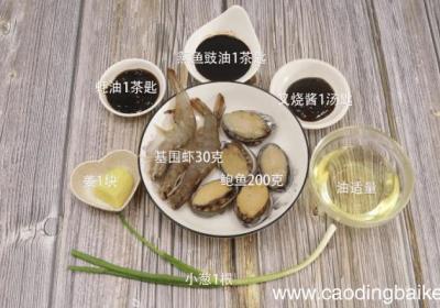 步骤1准备食材:鲍鱼200克、基围虾30克、蒸鱼豉油1茶匙、叉烧酱1汤匙、小葱1根、蚝油1茶匙、姜1块、油适量 。步骤2鲍鱼去壳洗净切花刀 。步骤3小葱切葱花 。步骤4基围虾洗净备用 。步骤5姜切片 。步骤6锅中倒油,油热加入姜片炒香,再加...
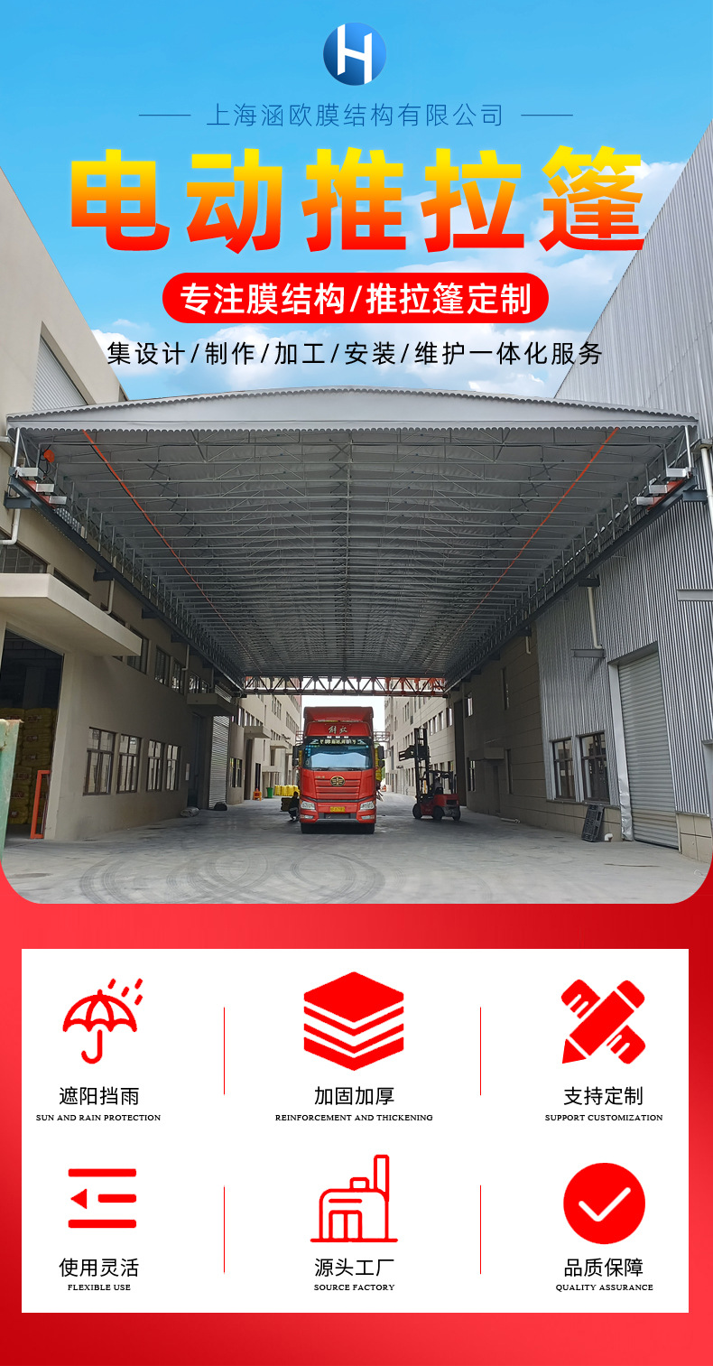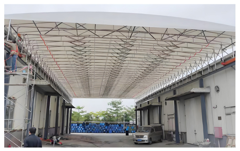 户外篮球场电动推拉棚 移动遮阳伸缩雨篷 无锡工厂仓库活动推拉蓬
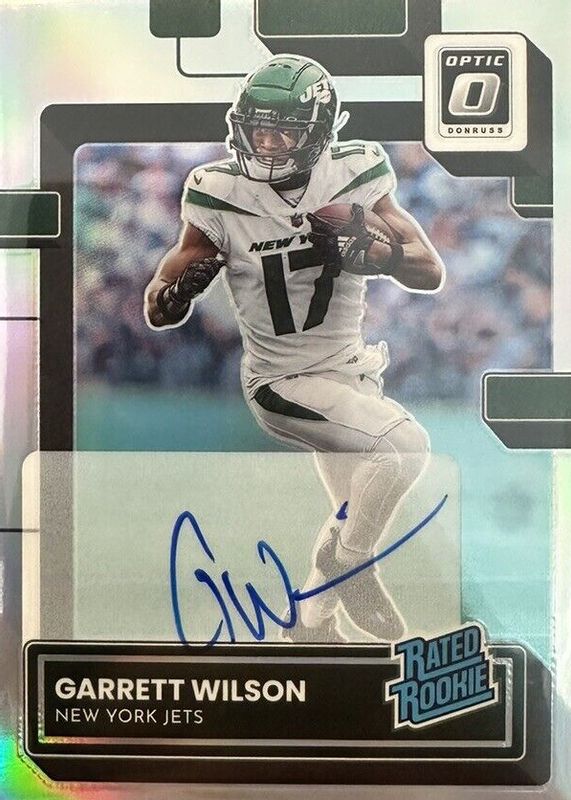 The Garrett Wilson 2022 Optic #206 Rated Rookie Autographs - Holo /125 card in Raw condition has not changed in price in the last 30 days and was last sold for $38.00 .
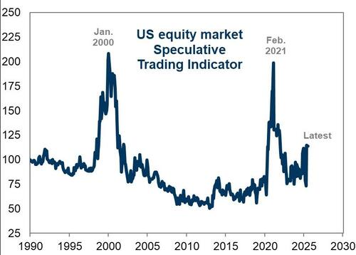 高盛编制的投机交易指数(Speculative Trading Indicator)的最新读数目前已升至了114,这表明由散户主导的投机交易持续上升。

::::

[Task prompt]:
From the line holding "The Garrett Wilson" to the last line of the listing, please output each line exactly as it stands. Pictures stay out of the copy.

[Solved exercise]:
 The Garrett Wilson 2022 Optic #206 Rated Rookie Autographs - Holo /125 card in Raw condition has not changed in price in the last 30 days and was last sold for $38.00 .
 高盛编制的投机交易指数(Speculative Trading Indicator)的最新读数目前已升至了114,这表明由散户主导的投机交易持续上升。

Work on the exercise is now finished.